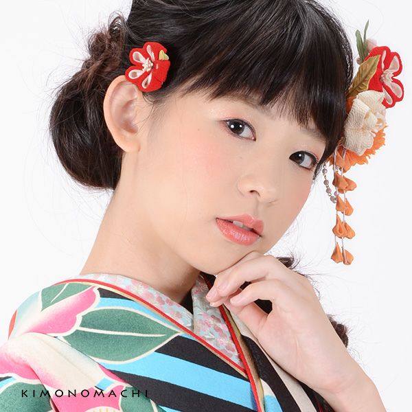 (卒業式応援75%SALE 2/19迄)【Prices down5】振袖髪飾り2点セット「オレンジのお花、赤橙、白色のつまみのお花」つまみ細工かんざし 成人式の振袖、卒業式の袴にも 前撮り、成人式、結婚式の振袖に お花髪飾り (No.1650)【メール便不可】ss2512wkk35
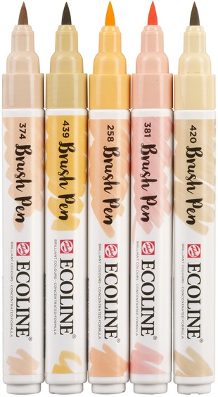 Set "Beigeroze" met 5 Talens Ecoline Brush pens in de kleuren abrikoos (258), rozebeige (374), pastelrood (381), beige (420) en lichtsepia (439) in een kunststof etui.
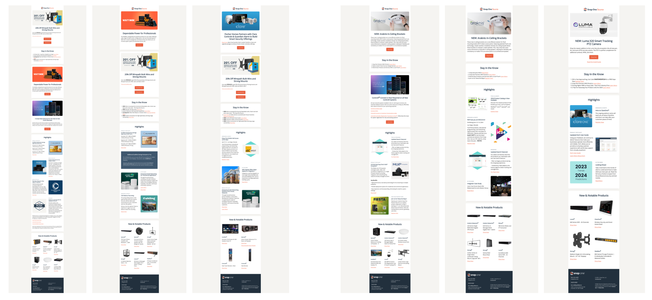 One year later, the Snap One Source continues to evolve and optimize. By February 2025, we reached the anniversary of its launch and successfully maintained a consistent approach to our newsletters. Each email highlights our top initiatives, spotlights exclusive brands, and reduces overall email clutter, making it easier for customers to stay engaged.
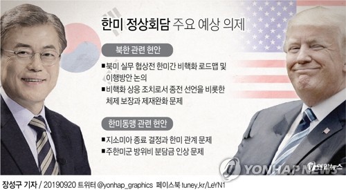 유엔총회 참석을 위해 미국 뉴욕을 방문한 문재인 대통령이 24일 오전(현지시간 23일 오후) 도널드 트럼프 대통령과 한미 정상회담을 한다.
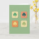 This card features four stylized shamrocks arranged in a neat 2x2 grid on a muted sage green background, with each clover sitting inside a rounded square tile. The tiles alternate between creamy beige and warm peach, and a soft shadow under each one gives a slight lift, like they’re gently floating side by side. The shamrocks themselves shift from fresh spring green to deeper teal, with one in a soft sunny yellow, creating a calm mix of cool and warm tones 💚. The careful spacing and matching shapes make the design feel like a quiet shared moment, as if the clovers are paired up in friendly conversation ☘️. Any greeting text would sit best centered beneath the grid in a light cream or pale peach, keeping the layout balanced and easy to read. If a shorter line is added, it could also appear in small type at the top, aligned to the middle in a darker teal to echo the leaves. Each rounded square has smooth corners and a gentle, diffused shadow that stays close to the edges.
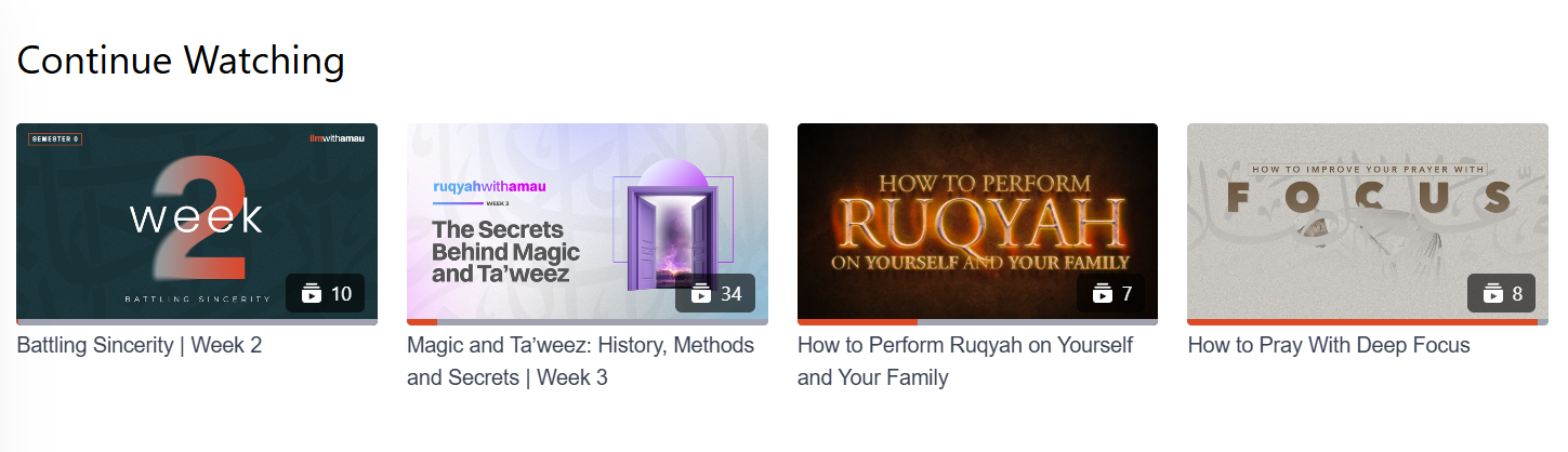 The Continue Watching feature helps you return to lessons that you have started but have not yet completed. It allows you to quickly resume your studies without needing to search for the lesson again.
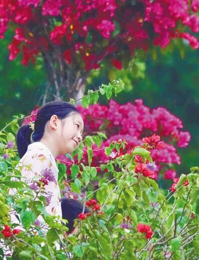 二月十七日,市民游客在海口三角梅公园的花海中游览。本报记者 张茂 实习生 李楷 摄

☆ ☆ ☆ ☆ ☆ ☆ ☆

▶ _Task prompt_
From the line that contains "One year later, the" to the end of the material above, output every line exactly, both ends included, but leave out any pictures.

▶ _Problem solution_
 One year later, the Snap One Source continues to evolve and optimize. By February 2025, we reached the anniversary of its launch and successfully maintained a consistent approach to our newsletters. Each email highlights our top initiatives, spotlights exclusive brands, and reduces overall email clutter, making it easier for customers to stay engaged.
 유엔총회 참석을 위해 미국 뉴욕을 방문한 문재인 대통령이 24일 오전(현지시간 23일 오후) 도널드 트럼프 대통령과 한미 정상회담을 한다.
 This card features four stylized shamrocks arranged in a neat 2x2 grid on a muted sage green background, with each clover sitting inside a rounded square tile. The tiles alternate between creamy beige and warm peach, and a soft shadow under each one gives a slight lift, like they’re gently floating side by side. The shamrocks themselves shift from fresh spring green to deeper teal, with one in a soft sunny yellow, creating a calm mix of cool and warm tones 💚. The careful spacing and matching shapes make the design feel like a quiet shared moment, as if the clovers are paired up in friendly conversation ☘️. Any greeting text would sit best centered beneath the grid in a light cream or pale peach, keeping the layout balanced and easy to read. If a shorter line is added, it could also appear in small type at the top, aligned to the middle in a darker teal to echo the leaves. Each rounded square has smooth corners and a gentle, diffused shadow that stays close to the edges.
 The Continue Watching feature helps you return to lessons that you have started but have not yet completed. It allows you to quickly resume your studies without needing to search for the lesson again.
 二月十七日,市民游客在海口三角梅公园的花海中游览。本报记者 张茂 实习生 李楷 摄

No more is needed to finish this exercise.